BEGIN

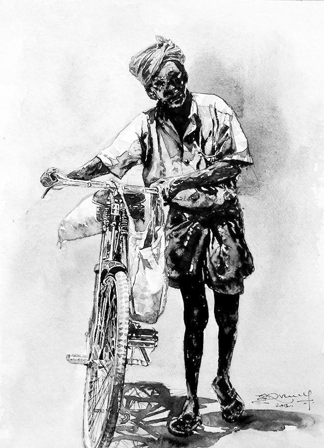 பார்ப்போர்களெல்லாம் ’ஒரு டிவிஎஸ் பைக்காவது வாங்கி இந்த வேலையை செய்யலாம்ல மாமா!’ என்றால் `அது எண்ணெய் ஊத்துனாத்தான ஓடும்? இது வருசம் ஒருக்கா டயர் மாத்தினா போதும் மாப்ளெ.. பஞ்சரானா கூட அவத்திக்கே உக்கோந்து ஒட்டீட்டு காத்தடிச்சுட்டு கிளம்பிடுவேன்! எவ்ளோ வசதி இது. இதையுட்டுட்டு பைக்கி வாங்கி ஓட்டி கட்டுபடியாவாது எனக்கு! அப்புறம் வருசம் ஒருக்கா சர்வீசுக்கு உட்டா சொளையா ரெண்டாயிரமாச்சிம் கையில இருக்கணும். அப்புறம் லைசென்சு வாங்கணும். வண்டிக்கி வருசத்திக்கி ஒருக்கா இன்சூரன்ஸ் கட்டணும். வழியில போலீஸ் கைகாட்டி ஒதுங்கச்சொன்னா ஒதுங்கி பதில் சொல்லணும்! என் சைக்கிளை யாரு நிறுத்தி செக் பண்ணுவாங்க?’ என்றே சொல்வார்.
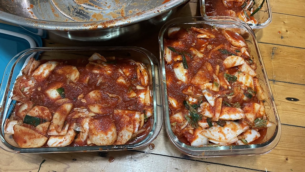 요즘은 김치를 담아서 한식을 많이 먹는다.
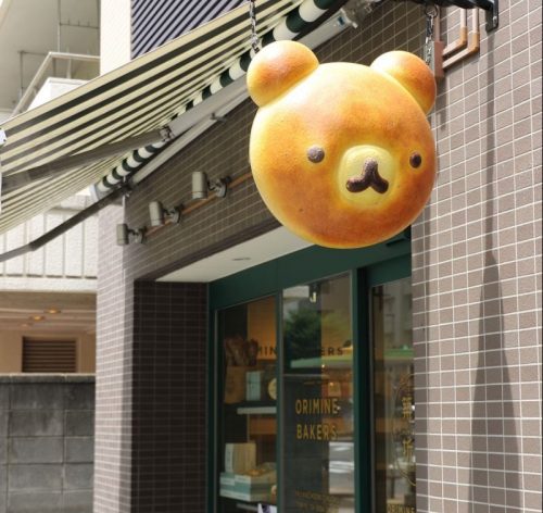這家店的主打是小熊。快看店鋪門口掛著的小熊頭像!這款麵包在店鋪裡就能買到一模一樣的喔!
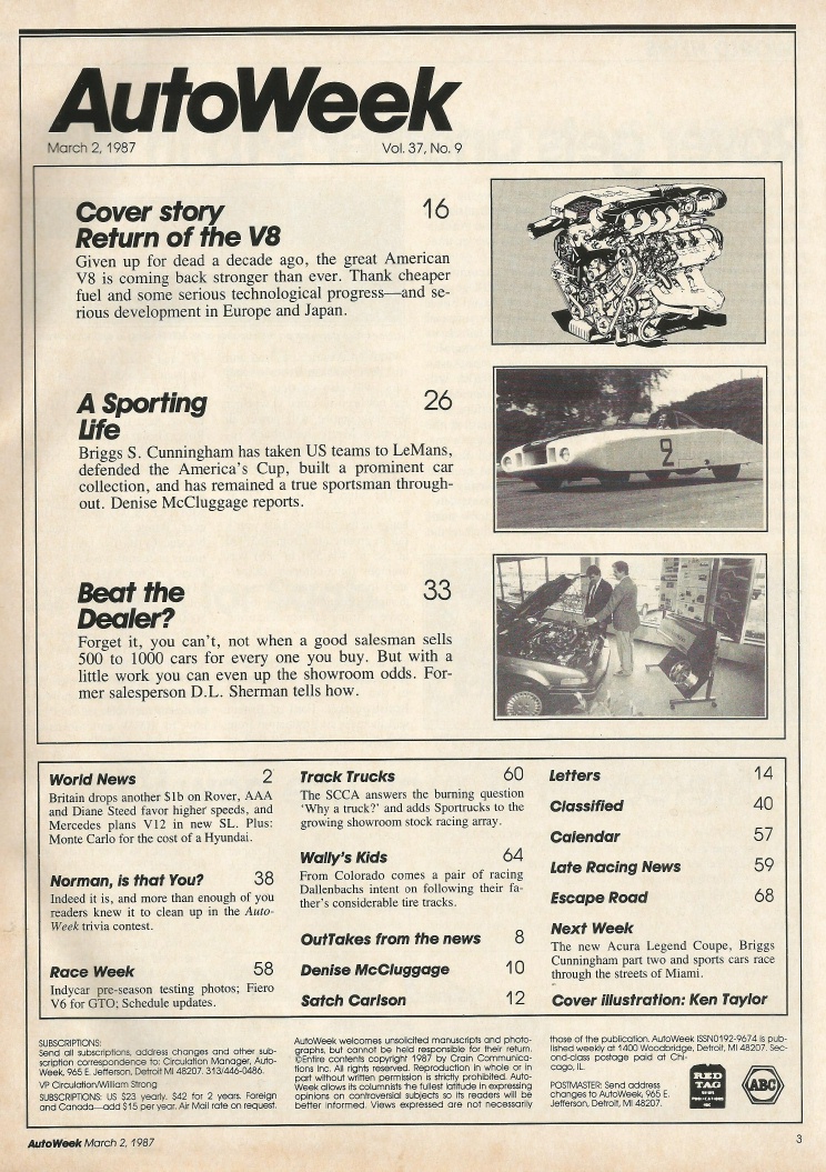 Reviews AUTOWEEK 1987 MAR 02 - CUNNINGHAM STORY, NEW V8s & V12s, SCCA SPORTRUNKS
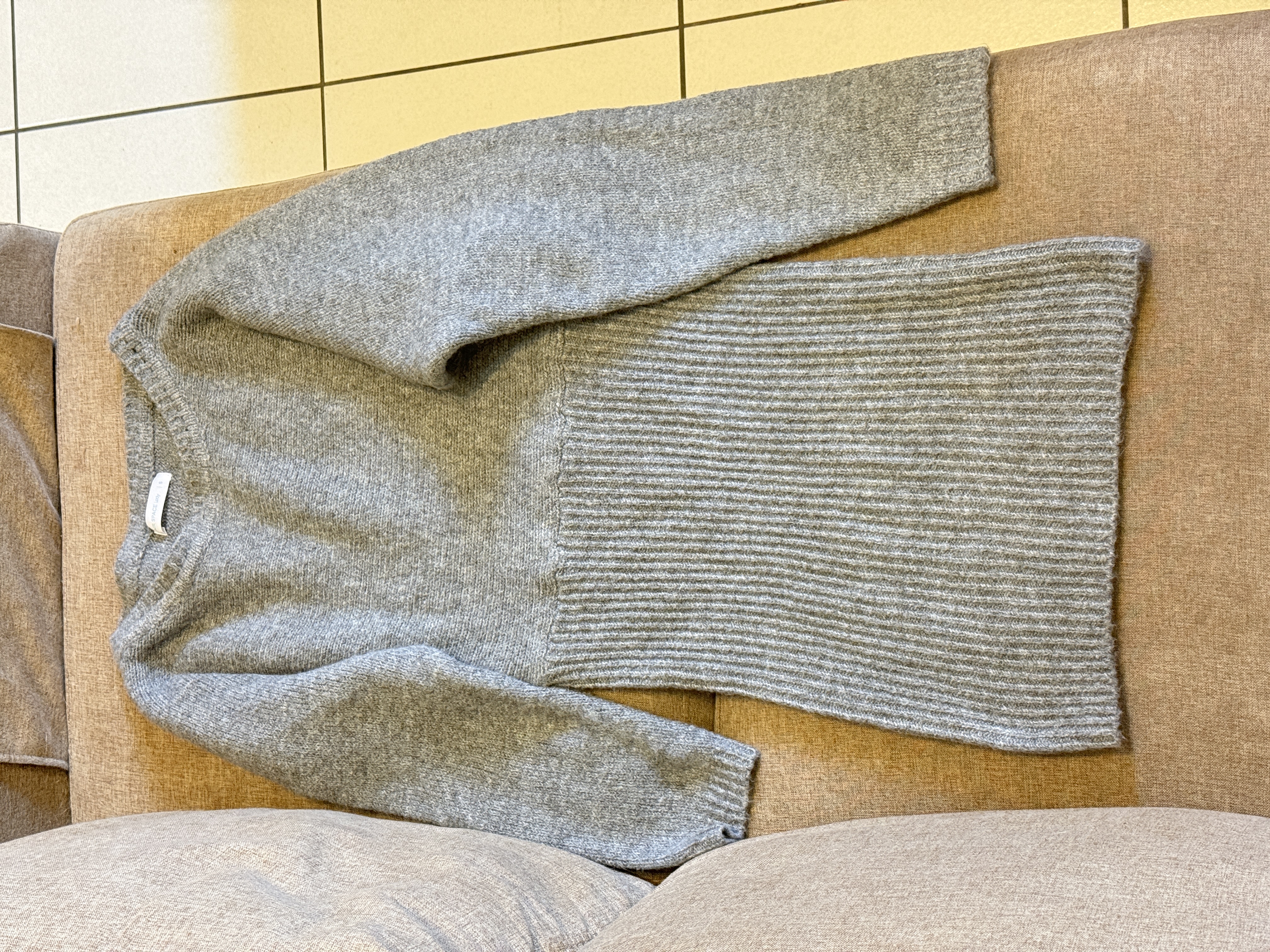Rekaan leher tidak simetri dipadankan dengan tali halus, menampakkan satu sisi bahu untuk mencipta fokus visual yang menarik. Potongan lengan bersambung dan siluet fit badan membantu membentuk lengkungan dengan kemas tanpa rasa ketat, menjadikan helaian ini mudah digayakan untuk penampilan musim sejuk yang kemas dan bergaya.
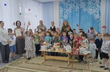 Педагоги, родители и воспитанники детского сада передали волонтерскому штабу угощения для бойцов в зоне СВО, а также новогодние открытки, изготовленные своими руками.
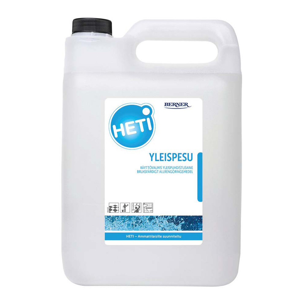 HETI Yleispesu käyttöliuos soveltuu kaikkien kovien pintojen yleispuhdistukseen ja tahranpoistoon, myös peili- ja lasipinnoille. Valmis käyttöliuos suihkepullossa helpottaa ja nopeuttaa puhdistusta.
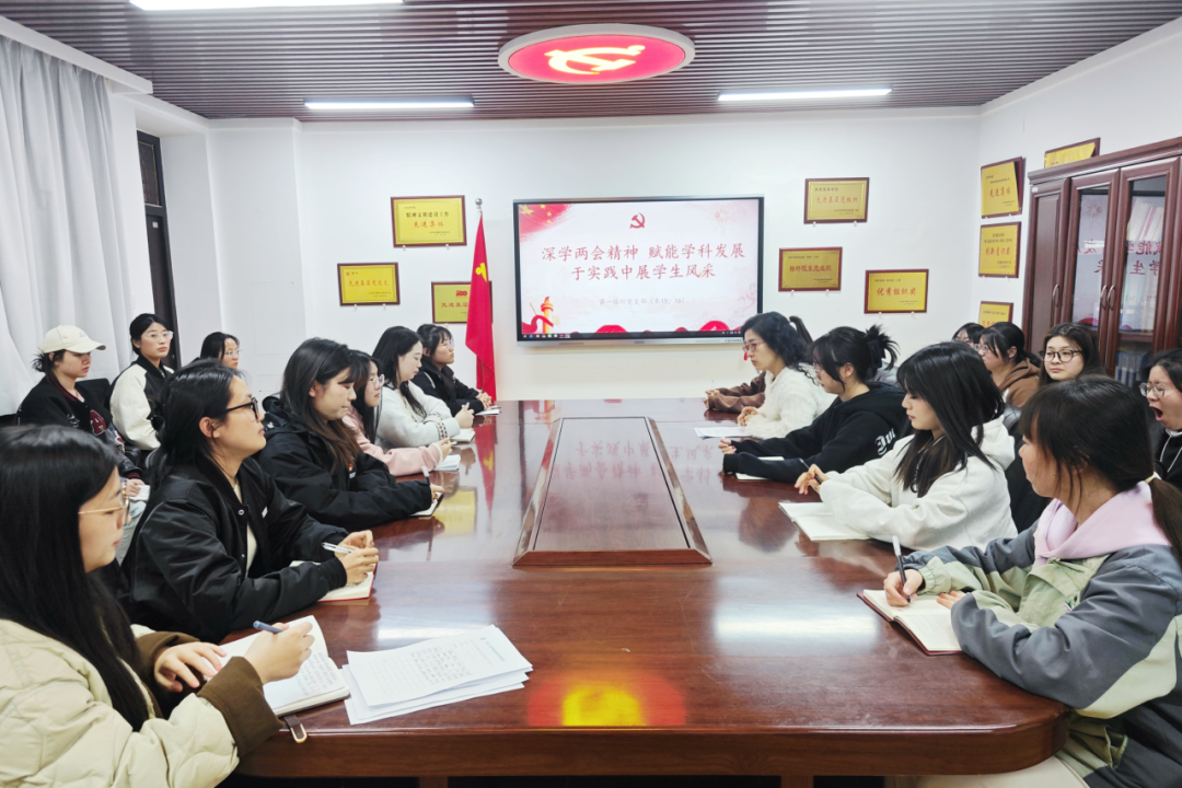 会议伊始,沈平利同志传达了中共中央两会精神的核心要义,指明了在“一站式”学生社区深入贯彻两会精神的重要意义。她表示,要借助“一站式”学生社区的资源优势,打破传统学习模式在时间与空间上的限制,搭建起线上线下融合的学习平台。依托这一平台,组织学生党员系统、全面地学习两会的重要内容,加强党员对两会精神理论知识的掌握,通过线上测试等形式检验党员学习成果,营造“以少数带动多数、全员共同进步”的良好学习氛围,促进两会精神在广大师生中广泛传播,凝聚思想共识,稳步推进各项工作的开展,在学思践悟中推动学科建设再上新台阶。

END

> **What is needed**:
Once the pictures are removed, print all the remaining data exactly as it stands.

> **Result**:
 பார்ப்போர்களெல்லாம் ’ஒரு டிவிஎஸ் பைக்காவது வாங்கி இந்த வேலையை செய்யலாம்ல மாமா!’ என்றால் `அது எண்ணெய் ஊத்துனாத்தான ஓடும்? இது வருசம் ஒருக்கா டயர் மாத்தினா போதும் மாப்ளெ.. பஞ்சரானா கூட அவத்திக்கே உக்கோந்து ஒட்டீட்டு காத்தடிச்சுட்டு கிளம்பிடுவேன்! எவ்ளோ வசதி இது. இதையுட்டுட்டு பைக்கி வாங்கி ஓட்டி கட்டுபடியாவாது எனக்கு! அப்புறம் வருசம் ஒருக்கா சர்வீசுக்கு உட்டா சொளையா ரெண்டாயிரமாச்சிம் கையில இருக்கணும். அப்புறம் லைசென்சு வாங்கணும். வண்டிக்கி வருசத்திக்கி ஒருக்கா இன்சூரன்ஸ் கட்டணும். வழியில போலீஸ் கைகாட்டி ஒதுங்கச்சொன்னா ஒதுங்கி பதில் சொல்லணும்! என் சைக்கிளை யாரு நிறுத்தி செக் பண்ணுவாங்க?’ என்றே சொல்வார்.
 요즘은 김치를 담아서 한식을 많이 먹는다.
這家店的主打是小熊。快看店鋪門口掛著的小熊頭像!這款麵包在店鋪裡就能買到一模一樣的喔!
 Reviews AUTOWEEK 1987 MAR 02 - CUNNINGHAM STORY, NEW V8s & V12s, SCCA SPORTRUNKS
Rekaan leher tidak simetri dipadankan dengan tali halus, menampakkan satu sisi bahu untuk mencipta fokus visual yang menarik. Potongan lengan bersambung dan siluet fit badan membantu membentuk lengkungan dengan kemas tanpa rasa ketat, menjadikan helaian ini mudah digayakan untuk penampilan musim sejuk yang kemas dan bergaya.
 Педагоги, родители и воспитанники детского сада передали волонтерскому штабу угощения для бойцов в зоне СВО, а также новогодние открытки, изготовленные своими руками.
 HETI Yleispesu käyttöliuos soveltuu kaikkien kovien pintojen yleispuhdistukseen ja tahranpoistoon, myös peili- ja lasipinnoille. Valmis käyttöliuos suihkepullossa helpottaa ja nopeuttaa puhdistusta.
 会议伊始,沈平利同志传达了中共中央两会精神的核心要义,指明了在“一站式”学生社区深入贯彻两会精神的重要意义。她表示,要借助“一站式”学生社区的资源优势,打破传统学习模式在时间与空间上的限制,搭建起线上线下融合的学习平台。依托这一平台,组织学生党员系统、全面地学习两会的重要内容,加强党员对两会精神理论知识的掌握,通过线上测试等形式检验党员学习成果,营造“以少数带动多数、全员共同进步”的良好学习氛围,促进两会精神在广大师生中广泛传播,凝聚思想共识,稳步推进各项工作的开展,在学思践悟中推动学科建设再上新台阶。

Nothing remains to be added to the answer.